Fırsatçılıkta pek mahirdirler patronlar. Hele de işçilerin örgütsüzlüğü koşullarında fırsatçılıkları ileri bir seviyeye çıkarak parmak ısırtır, şaşkına çevirir insanı. Yaptıkları kendi aralarında, birbiriyle kıyaslandığında hafif kalabilir ama biz işçiler arasında küçük dilimizi yutturacak cinsten bir olaya dönüşür. “Adamlar fırsatçılığın kitabını yazdı be” diye hatırlanır ilerde. Pervasızlığın sınırı yok ama dedik ya bu denli cüretkâr oluşlarının sebebi örgütsüzlüğümüz. Ekonomik krizde işçiye fedakârlık patrona fırsatçılık mı düşer hep be usta! Gelin bu fırsatçılığın matematiğine bakalım hep birlikte.

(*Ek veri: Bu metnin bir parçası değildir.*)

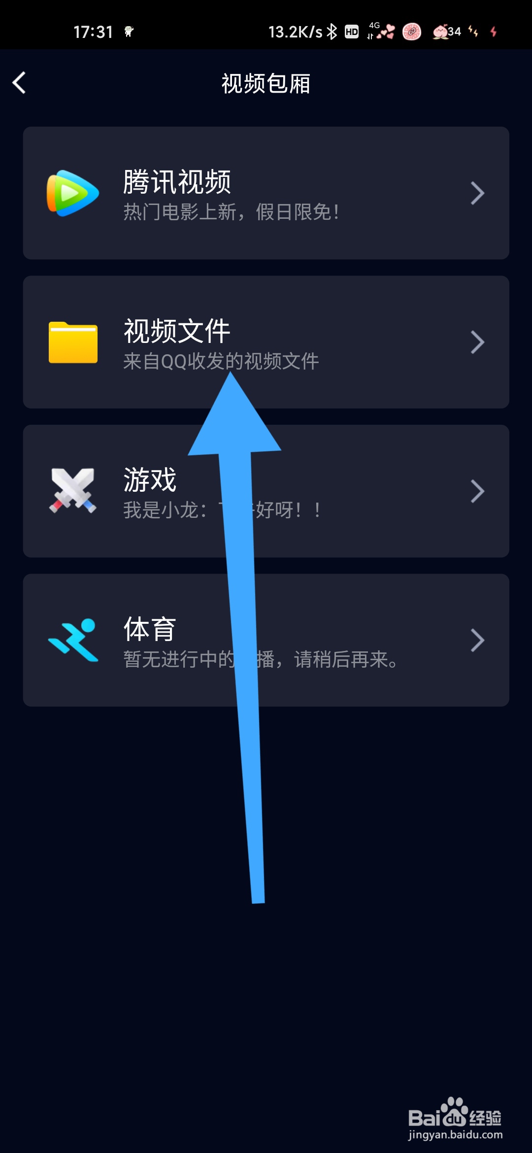 4、最后,找到【视频文件】,点击进入,选择要播放的视频文件即可播放啦。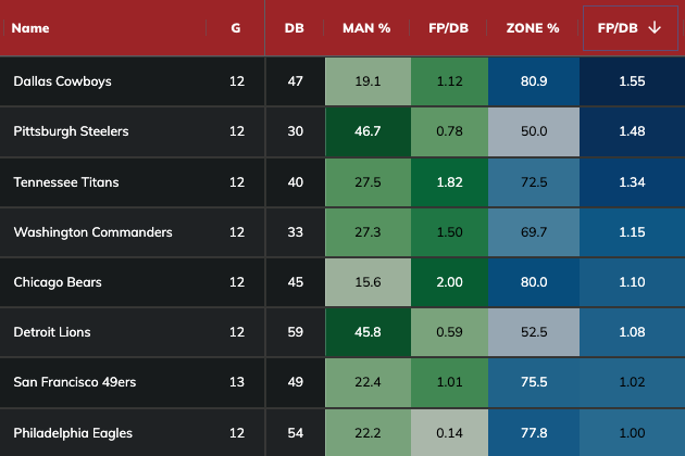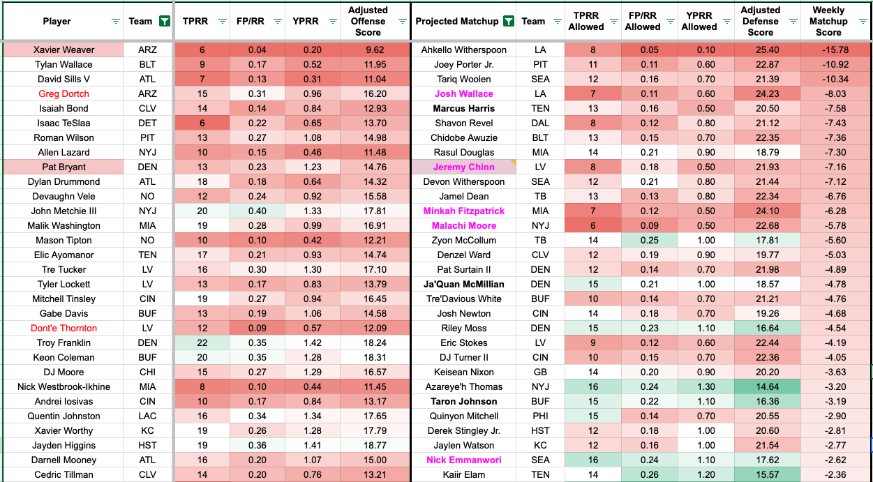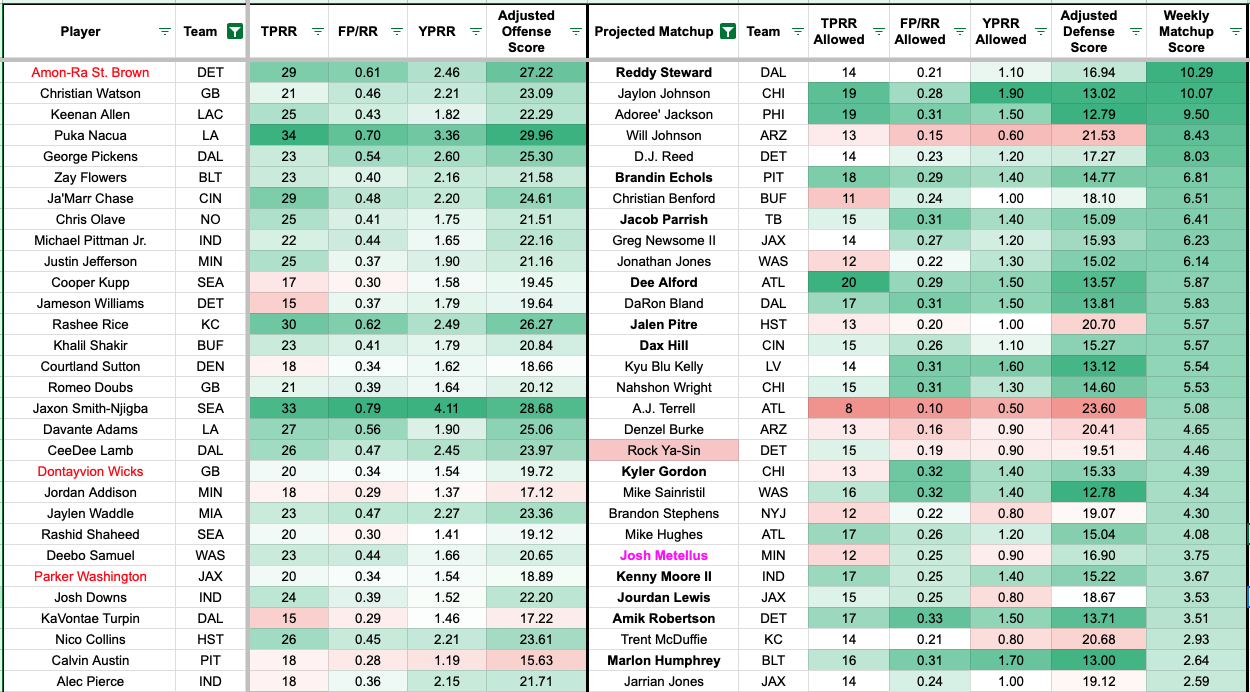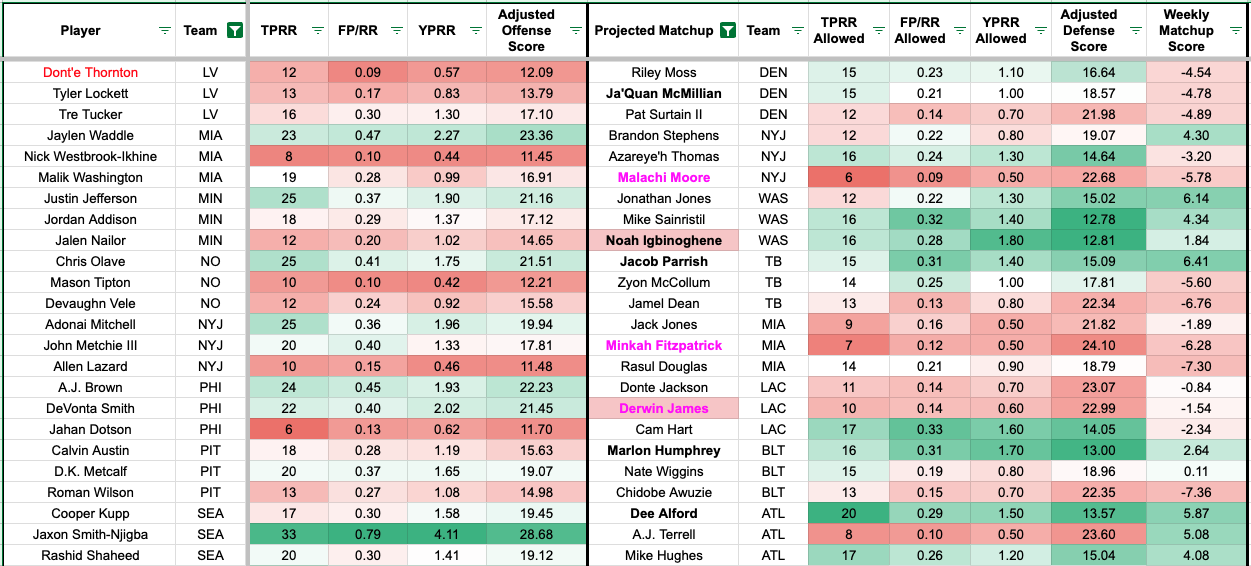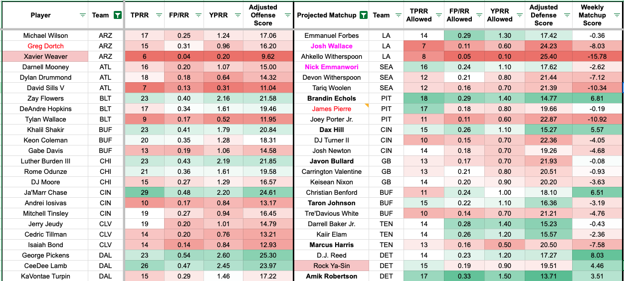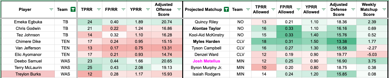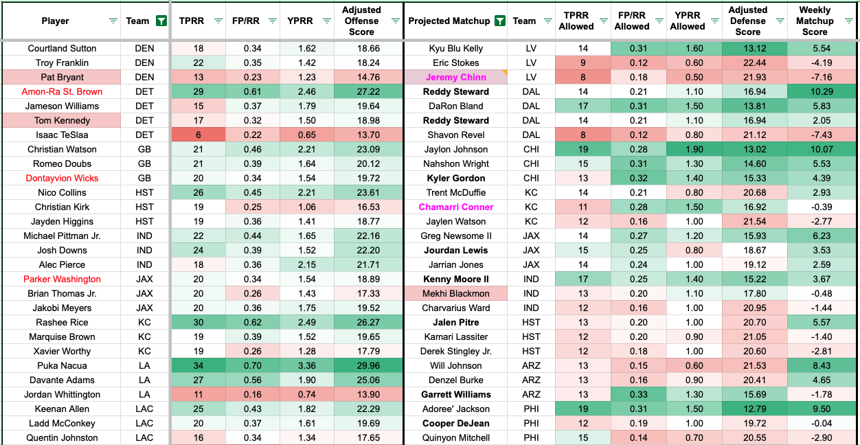 We added additional team-level metrics to the formula to account for team context. The red numbers indicate a more challenging matchup for the receiver, and the green numbers mean favorable matchups (or the defender allows a high rate of the given metric).

Bir fabrika düşünün 300 işçinin çalıştığı. Patron düşünür bir taşla kaç kuş vurabilirim diye… Hava şartları müsait, taş atmalık tam. Hazır pandemi var. Korku fırtınası da estirildi. Herkeste bir panik havası. Kurt puslu havayı sever olayı. Patronlara ısmarlama yasalar çıkıyor zaten; sözde işten atmalar yasak ama ücretsiz izne çıkarmak serbest mesela! 15 işçi ücretsiz izine çıkarılıyor. İşler tıkırında ama. Otomotiv parçaları üreten Alman menşeli bir fabrika burası. Dış piyasaya üretim hep bu aralar. Bir miktar işçiyi de kısa çalışma ödeneği uygulamasına çıkarıyor patron. Ama işçiler tam zamanlı çalıştırılmaya devam ediyor bu arada. İşçilerin önemlice bir kısmına da mesaiye kalmaları için baskı yapılıyor. Canı çıkıyor işçinin, akşamın dokuzuna kadar çalışıyor. Hummalı bir üretimdir gidiyor. Tatlı kârları düşündükçe dâhiyane fikirler gelmeye devam ediyor patronun aklına. 20 kadar işçiyi de İŞKUR üzerinden işe alıyor. 6 aylık maaşı işsizlik fonundan ödeniyor, “6 ay sonra çıkarırım nasılsa” diye düşünüyor. Diğer patronlarla sık sık yan yana gelip karar üstüne karar alıyorlar. Keyifleri yerinde, devlete güveniyorlar.
Kısaca, bir yandan patronlar işçiyi evde gibi gösterip canı çıkana kadar çalıştırıyorlar, bir yandan ücretsiz izne göndererek 1168 liraya mahkûm ediyorlar. Bir taraftan ücretsiz izni işçinin üzerinde bir sopa olarak kullanırken bir taraftan da hem İŞKUR üzerinden işçi çalıştırarak, çeşitli vergi indirimleriyle teşvik üzerine teşvik alıyorlar. İktidar da bu kaymaktan götürüyor tabi. Al sana mis gibi politika malzemesi. ‘İşten çıkarmaları yasakladık’ diye övünmeler, ücretsiz izinde gösterilen ama fiilen işsiz olan milyonlarca işçiyi işsizlik rakamlarına yansıtmayarak işsizliği düşük göstermeler. Yine İŞKUR üzerinden işçinin kendi parasıyla istihdam rakamlarını yüksek göstermeler… Vay arkadaş, fırsatçılığın matematiği böyle yapılıyormuş demek! Biz sözümüzü iki artı iki dört eder gerçeğindeki gibi net bir cümleyle bitirelim. Örgütlüysek her şeyiz, örgütsüzsek hiçbir şey!